Speaking about traditional Bulgarian cuisine, one of our favorites is called ‘banitsa’. In its classical version, it’s a Bulgarian savory cheese pie made of rolled phyllo sheets filled with Bulgarian white cheese, eggs and yougurt.
Recenlty, we are into the growing trend for renewal of traditional cuisine by giving new life to favorite grandma’s recipes with a twist of preparation methods and/or additional ingredients. And last Sunday we felt like cooking ‘banitsa’ but with a twist of roses! We ended up with easy-to-do and tasty savory-sweet version. This is the recipe we share here.
Mini ‘banitsa’ pies with goat cheese, rosemary and roses
goat cheese (Bulgarian or Greek)
rosemary – dried or fresh
Rosey’s mark rose jam
1 quail egg
Leave the puff pastry to unfreeze for 3-4 hours or move it from the freezer to the fridge from the night before.
Pound the rosemary and mix it in a bowl with the goat cheese crushed with the help of fork.
After the puff pastry is ready for work, spread it out on a cutting board sprinkled with flour and cut it in squares. In the center of each square put a tea spoon of rose jam and a tea spoon of the rosemary goat cheese mixture.

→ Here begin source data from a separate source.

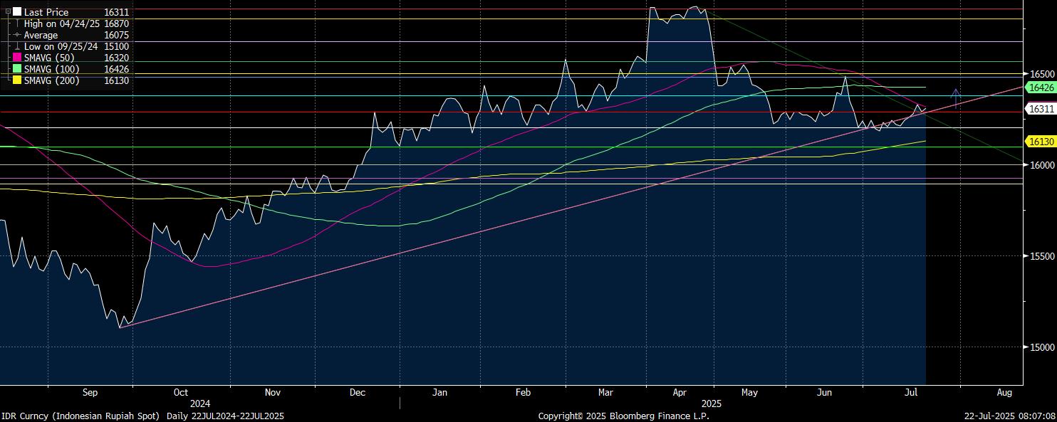 Secara teknikal nilai rupiah memiliki potensi pelemahan mencermati berbagai sentimen hingga wait and see pasar. Pelemahan terdekat menuju level Rp16.350/US$ yang merupakan support pertama dengan target pelemahan kedua akan tertahan di Rp16.400/US$.
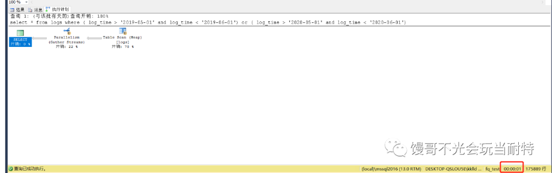 把表按前面的方法進(jìn)行分區(qū)拆分,查詢花費(fèi)時(shí)間為1s。
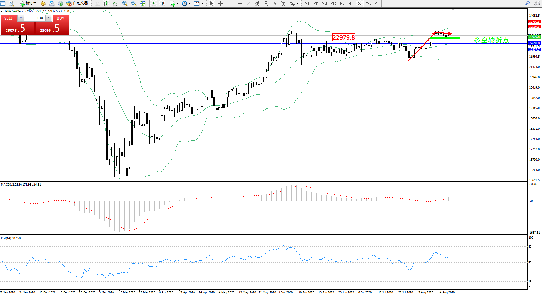 日经225指数8月19日(周三)收盘上涨70.42点,涨幅0.31%,报23121.50点。随着全球疫情反扑令贸易承压,日本的出口在7月份连续第五个月出现两位数百分比降幅;据日本财务省周三报告,日本出口值同比下降了19.2%,经济学家此前预计将下降20.9%;尽管主要市场重新开放,但作为日本经济增长主要动力来源的出口依然疲软;虽然最近几周感染增加,但日本的疫情应对情况仍远好于美国和其他主要市场,不过日本经济对贸易的依赖使得其复苏很不稳固;净出口下降对4-6月经济收缩的“贡献”几乎达到40%,突显了其有多么容易受到全球市场影响;部分国家复苏正在进行中,这可能有助于支持日本未来的出口;展望未来,预计第三季度出口将继续复苏,进口的好转可能也基本上会保持差不多的步伐。

Fold the squares and seal by pressing with fingers. For a safe seal and to avoid leaks of the stuffing, wet the bords of the pastry with watered fingers.
Smear the folded pies with the quail egg on top for a nice golden crust. You can sprinkle some rosemary and dried rose petals on top as well.
Bake in preheated oven at 200˚C for 15 minutes or till you get that golden crust.
Serve the ‘banista’ pies after cooled down, preferably together with a glass of ayran (traditional yougurt drink).